Harry Styles talks Pleasing: a brand built on small joys!

by | Nov 16, 2021 | Beauty, Fashion

Dazed Winter issue 2021 Harry StylesPhotography Rafael Pavarotti

DAZED: From Fine Line to star film roles, Harry Styles has gone from global to stratospheric – now, he adopts his newest mantle. Pleasing, his first business venture, puts beauty and naked ambition front and centre.

In the final leg of his sold-out Love On Tour series of shows, his six-person band took to New York’s Madison Square Garden on the weekend of Halloween. On the bird-call from their faithful leader, his legions of fans turned up to the concert in fancy dress. Crowds outside gathered in traditional All Hallows’ Eve getups of ghouls and goblins, and many paid homage to Styles’ signature style (think feather boas, kick-out flares and heavy-set platforms).

Not one to miss out on the chance for a display of style, Styles appeared on stage as Dorothy from The Wizard of Oz, complete with a sparkly blue pinafore with matching bow, and of course, ruby-red slippers (his band make up the Tin Man, Glinda the Good Witch et al). All outfits are courtesy of Alessandro Michele, Styles’ friend and creative director of Gucci, of which Styles has long been a brand face.
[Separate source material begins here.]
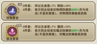铁骑敌法的4件套效果就是在回合结束时以防御作为攻击对防御最低的敌方造成30%伤害。

Enveloped in the rapture, the crowd hangs on to every minute of his husky growl and swivel of the hip as he breaks out into a spooky rendition of Britney Spears’ “Toxic”. But put aside Styles’ Mick Jagger swagger, and the crowd, made up of all ages, races, genders and sexualities, feel bound to something a little deeper than just the look and charm of the 27-year-old performer. Affirmations of beauty are swapped, expression is celebrated and friendships are formed under the umbrella of the pop phenom. Case in point: ‘#hslotoutfit’ (Styles’ Love On Tour outfit, in case you were wondering) hit 37 million views on TikTok in the US alone.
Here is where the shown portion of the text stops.